* _WORK TO COMPLETE_: Give all of the data below again exactly, and drop the images.

* _Records from a data source_:

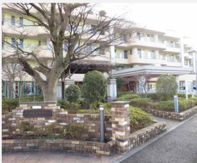
ハピネスあだちの施設外観。奥にホウカツ江北の事務所もある。

「特別養護老人ホーム ハピネスあだち」は、生活の中で食事や排泄など身の回りの介護が必要な高齢者を受け入れています。 特別養護老人ホーム（特養）では、在宅での生活が困難になった要介護の高齢者を受け入れ、食事・入浴などの介護や日常動作の訓練など、入居者の日常生活のお世話をしています。また、短期入所生活介護（ショートステイ）や日帰りで利用する通所介護（デイサービス）、ヘルパー派遣や福祉用具の紹介などの在宅介護の支援も行っており、それぞれの家族と利用者にあった介護を提供しています。
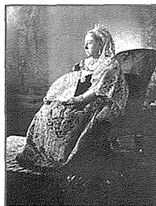
Ritratt uffiċjali tal-Ġublew tad-Djamanti tar-Regina Victoria (1819-1901)
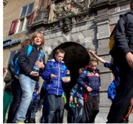
Wandelen voor Water 2014 Leerlingen ervaren hoe het is om 6 km te lopen met 6 liter water op je rug, de normaalste zaak ter wereld voor leeftijdsgenootjes in ontwikkelingslanden. De opbrengst van de sponsorloop gaat naar een sanitatieproject in een ontwikkelingsland.
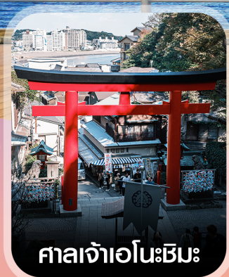
ศาลเจ้าเอโนะชิมะ
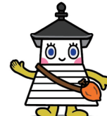
志賀町 西能登あかり
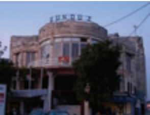
Hatay Eski Meclis Binası
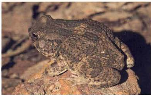
Abb. 38. Kurzschnauzenkröte, Sclerophrys pentoni .
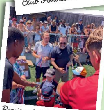
Remise récompenses foot Catégorie U6 U7 et U8
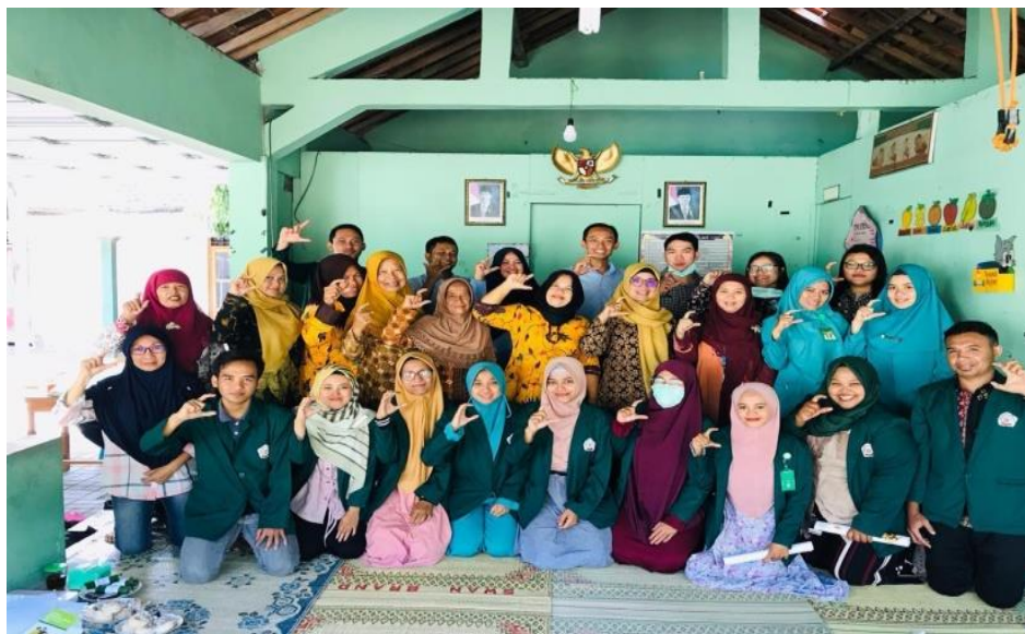
Gambar 3. Penyuluhan Kesehatan dan Evaluasi Bersama dengan Tim dari Puskesmas Bambanglipuro ,Bantul

* _ANSWER SPACE_:
ハピネスあだちの施設外観。奥にホウカツ江北の事務所もある。

「特別養護老人ホーム ハピネスあだち」は、生活の中で食事や排泄など身の回りの介護が必要な高齢者を受け入れています。 特別養護老人ホーム（特養）では、在宅での生活が困難になった要介護の高齢者を受け入れ、食事・入浴などの介護や日常動作の訓練など、入居者の日常生活のお世話をしています。また、短期入所生活介護（ショートステイ）や日帰りで利用する通所介護（デイサービス）、ヘルパー派遣や福祉用具の紹介などの在宅介護の支援も行っており、それぞれの家族と利用者にあった介護を提供しています。
Ritratt uffiċjali tal-Ġublew tad-Djamanti tar-Regina Victoria (1819-1901)
Wandelen voor Water 2014 Leerlingen ervaren hoe het is om 6 km te lopen met 6 liter water op je rug, de normaalste zaak ter wereld voor leeftijdsgenootjes in ontwikkelingslanden. De opbrengst van de sponsorloop gaat naar een sanitatieproject in een ontwikkelingsland.
ศาลเจ้าเอโนะชิมะ
志賀町 西能登あかり
Hatay Eski Meclis Binası
Abb. 38. Kurzschnauzenkröte, Sclerophrys pentoni .
Remise récompenses foot Catégorie U6 U7 et U8
Gambar 3. Penyuluhan Kesehatan dan Evaluasi Bersama dengan Tim dari Puskesmas Bambanglipuro ,Bantul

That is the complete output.